● **ASSIGNMENT**:
Return nothing but the lines from the one with "- Langlois, K.;" through the one with "另外,还可以在服装面料上花心" in the data below, word for word and without pictures.

● **RECORD EXTRACTS**:

◇ ◇ ◇

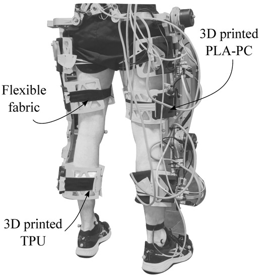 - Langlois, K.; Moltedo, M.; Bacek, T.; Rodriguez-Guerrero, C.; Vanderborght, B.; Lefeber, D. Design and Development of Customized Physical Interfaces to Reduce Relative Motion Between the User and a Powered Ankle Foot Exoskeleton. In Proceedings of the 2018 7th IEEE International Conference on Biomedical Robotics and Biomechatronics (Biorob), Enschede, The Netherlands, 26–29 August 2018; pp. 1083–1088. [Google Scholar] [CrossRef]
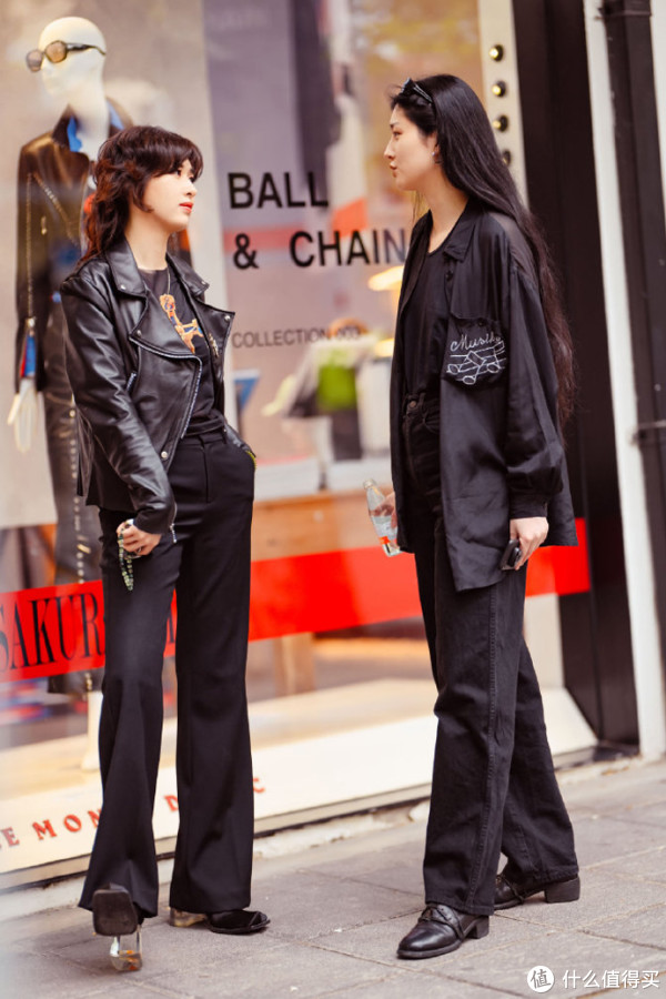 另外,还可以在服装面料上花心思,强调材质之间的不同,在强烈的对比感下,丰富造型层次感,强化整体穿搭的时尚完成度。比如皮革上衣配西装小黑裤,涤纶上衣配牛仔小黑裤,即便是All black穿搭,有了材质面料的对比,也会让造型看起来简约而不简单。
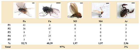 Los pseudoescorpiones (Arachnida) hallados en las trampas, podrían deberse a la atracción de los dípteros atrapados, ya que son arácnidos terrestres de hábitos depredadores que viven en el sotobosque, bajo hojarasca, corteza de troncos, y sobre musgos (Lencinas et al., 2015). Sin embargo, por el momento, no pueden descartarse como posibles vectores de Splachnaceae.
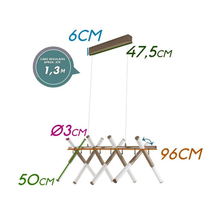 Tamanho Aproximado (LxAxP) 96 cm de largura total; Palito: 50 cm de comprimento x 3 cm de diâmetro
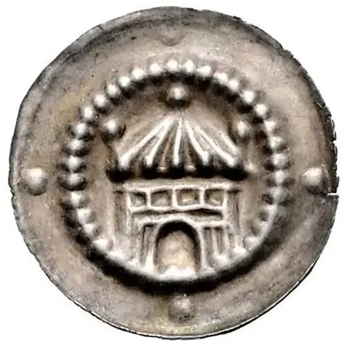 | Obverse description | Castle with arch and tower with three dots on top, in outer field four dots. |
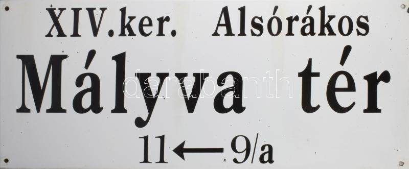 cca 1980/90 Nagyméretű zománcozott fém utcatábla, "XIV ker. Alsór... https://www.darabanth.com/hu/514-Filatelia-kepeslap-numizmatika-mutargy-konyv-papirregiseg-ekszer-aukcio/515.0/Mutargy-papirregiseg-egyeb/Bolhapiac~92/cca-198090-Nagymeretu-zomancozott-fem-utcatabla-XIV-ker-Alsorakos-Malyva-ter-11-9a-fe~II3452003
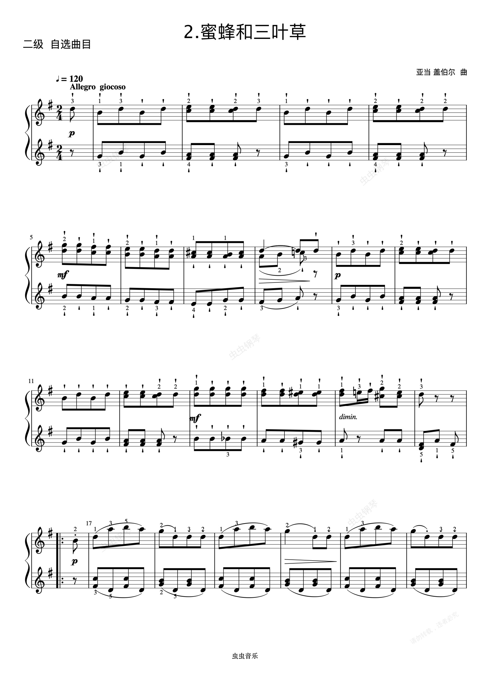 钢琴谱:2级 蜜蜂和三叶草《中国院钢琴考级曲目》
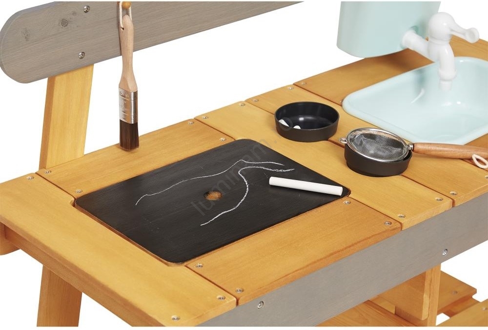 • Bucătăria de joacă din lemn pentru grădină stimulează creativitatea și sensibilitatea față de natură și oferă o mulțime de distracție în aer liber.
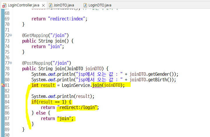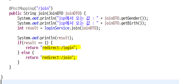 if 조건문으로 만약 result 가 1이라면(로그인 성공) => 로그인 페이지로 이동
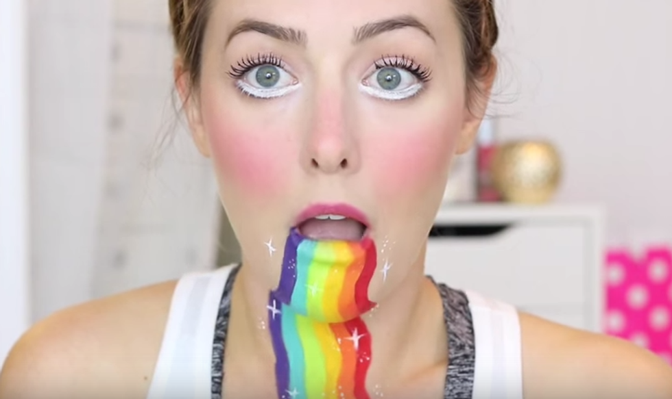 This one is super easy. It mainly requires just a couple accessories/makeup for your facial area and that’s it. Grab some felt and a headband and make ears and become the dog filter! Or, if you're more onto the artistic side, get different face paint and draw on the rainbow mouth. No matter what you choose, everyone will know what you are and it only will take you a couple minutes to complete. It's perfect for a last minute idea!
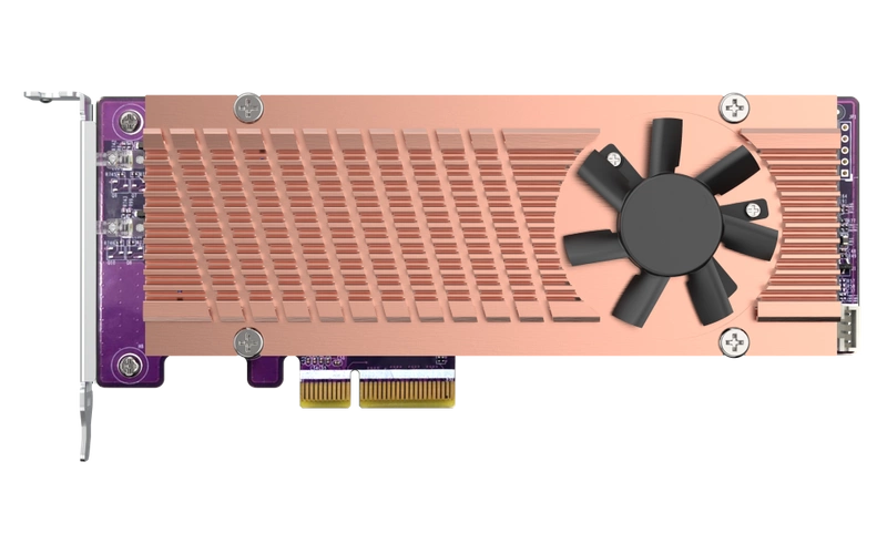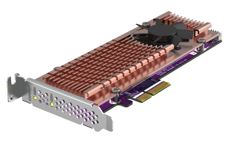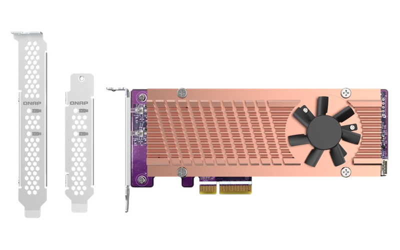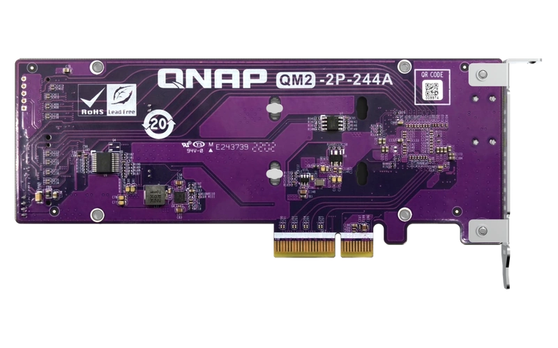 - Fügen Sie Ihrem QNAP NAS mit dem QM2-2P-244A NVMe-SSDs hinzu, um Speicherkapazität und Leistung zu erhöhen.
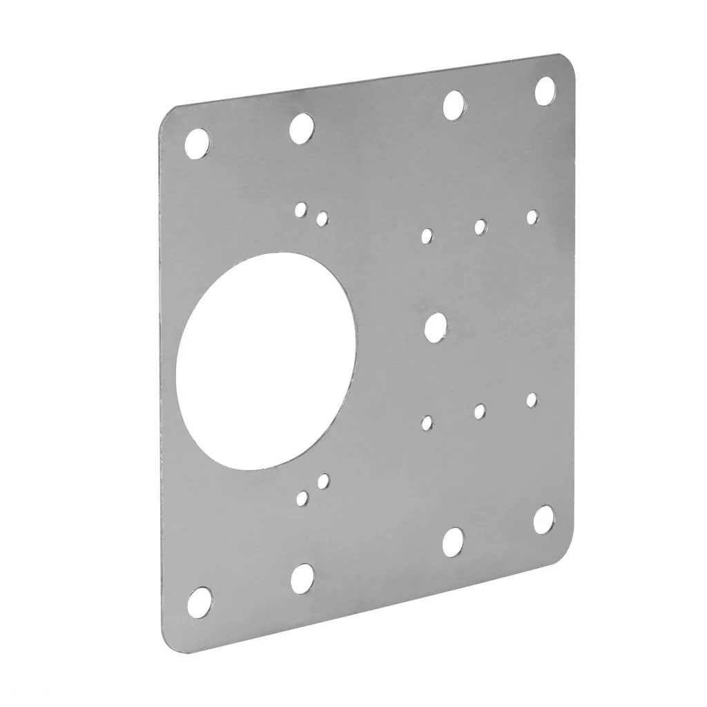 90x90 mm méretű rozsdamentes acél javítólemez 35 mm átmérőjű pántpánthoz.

◇ ◇ ◇

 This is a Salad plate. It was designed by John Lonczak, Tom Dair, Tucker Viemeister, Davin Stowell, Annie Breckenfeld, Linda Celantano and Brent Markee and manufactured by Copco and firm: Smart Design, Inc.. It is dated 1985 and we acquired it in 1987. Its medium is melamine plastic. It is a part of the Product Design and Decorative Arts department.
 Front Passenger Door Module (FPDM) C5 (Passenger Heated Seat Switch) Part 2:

◇ ◇ ◇

● **WRITTEN SOLUTION**:
 - Langlois, K.; Moltedo, M.; Bacek, T.; Rodriguez-Guerrero, C.; Vanderborght, B.; Lefeber, D. Design and Development of Customized Physical Interfaces to Reduce Relative Motion Between the User and a Powered Ankle Foot Exoskeleton. In Proceedings of the 2018 7th IEEE International Conference on Biomedical Robotics and Biomechatronics (Biorob), Enschede, The Netherlands, 26–29 August 2018; pp. 1083–1088. [Google Scholar] [CrossRef]
 另外,还可以在服装面料上花心思,强调材质之间的不同,在强烈的对比感下,丰富造型层次感,强化整体穿搭的时尚完成度。比如皮革上衣配西装小黑裤,涤纶上衣配牛仔小黑裤,即便是All black穿搭,有了材质面料的对比,也会让造型看起来简约而不简单。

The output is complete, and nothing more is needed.